Second the introduction of new spatial artefacts happens not through an introduction of a pure type in a new context, rather, the type itself is likely to adapt to its new context and even to lead to new types. As it is the case with the Chinese villa, which is a “creole” version of the Italian villa type.

Third, the new type is likely to introduce irritation in its new contexts. Local actors may object to “foreign” spatial artefacts, as shown by European protests against skyscrapers considered as American building types.

To interpret these first observations a wide range of theoretical problems and disciplinary views is at stake. The discussion may centre around the concept of type. When and under which circumstances are practices condensed in a type so that they are recognized by architectural theorists but also by a lay public? How and under which circumstances do national and regional architectural practitioners take up foreign types? Are there observable patterns when foreign types become controversial in discourses of architects, planners and preservationists?

Second, one may analyse the relationship between spatial artefacts and practices, both at the level of “production” and “consumption”. In other words, who/which are the human and non-human actors allowing these circulations: designers, architects, architecture and design magazines, transnational businessmen, tourists, movies? How are practices inscribed in these artefacts, and how can we account for this inscription? Finally, how is the “immigration” of these artefacts regulated, by zoning and building laws?

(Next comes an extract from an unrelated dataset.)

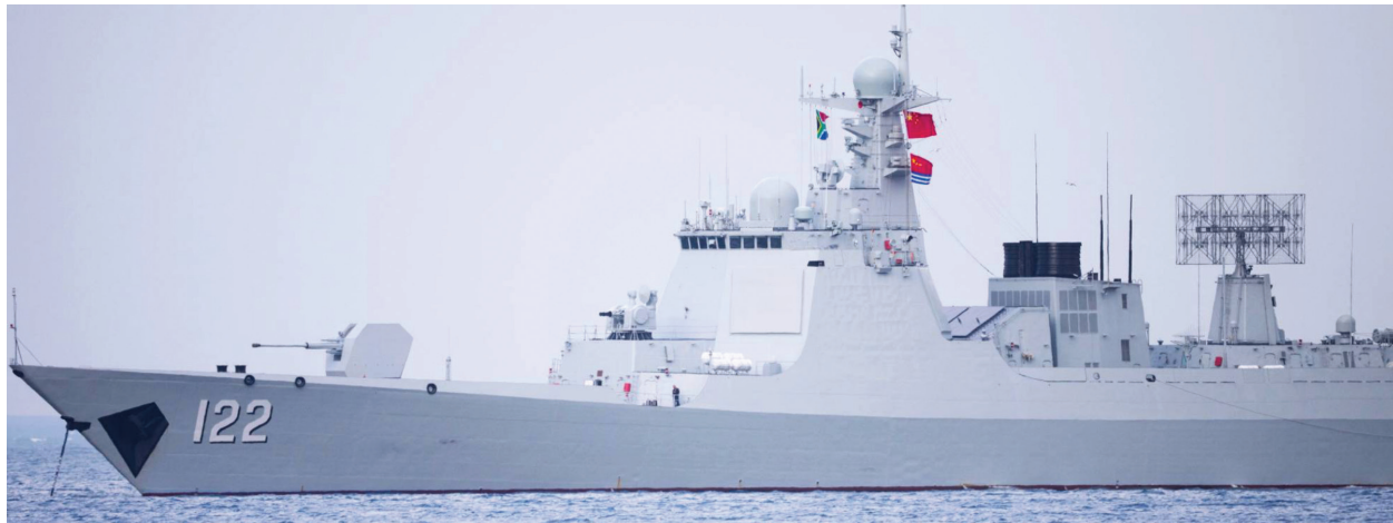
Le destroyer lance-missiles chinois Tangshan, amarré près du Cap, en Afrique du Sud, le 6 janvier 2026.

politiques des transferts chinois dans des contextes fragiles et autoritaires continueront de croître, car le ministère chinois de la Sécurité publique mène davantage d'engagements en Afrique que le ministère chinois de la Défense et l'APL, souvent à l'abri du regard du public.

Third, the travelling itineraries of spatial artefacts may be of interest in themselves. Are there established geographical and social routes of spatial artefacts? Are there observable patterns where new artefacts are inserted in cities and by whom? Can we identify backbones and “black holes” in these networks? Under what processes are these routes reconfigured?

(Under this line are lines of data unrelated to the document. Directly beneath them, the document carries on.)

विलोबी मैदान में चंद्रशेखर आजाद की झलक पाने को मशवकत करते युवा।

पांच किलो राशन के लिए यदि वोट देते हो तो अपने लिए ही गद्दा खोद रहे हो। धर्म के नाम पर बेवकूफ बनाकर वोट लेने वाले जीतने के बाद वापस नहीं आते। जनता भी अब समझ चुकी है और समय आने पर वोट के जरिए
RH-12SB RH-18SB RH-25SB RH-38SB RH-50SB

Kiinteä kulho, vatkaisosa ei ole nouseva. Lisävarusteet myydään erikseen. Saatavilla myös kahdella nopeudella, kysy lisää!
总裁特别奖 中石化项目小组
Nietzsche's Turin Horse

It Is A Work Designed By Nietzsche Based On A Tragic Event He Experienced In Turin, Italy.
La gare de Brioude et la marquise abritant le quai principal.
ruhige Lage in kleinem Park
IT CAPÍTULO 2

The purpose of this seminar is to exchange ideas, results and methodologies, and notably to create an encounter between scholars interested in STS perspectives on the built environment (notably Actor Network Theory or Social Shaping of Technologies approaches ) and others using different tool-boxes (stemming from spatial anthropology, cultural geography, architectural history or urban sociology).

The conference is also the first event of the European Network “Socio-Technical Studies of Architecture and Urbanism“.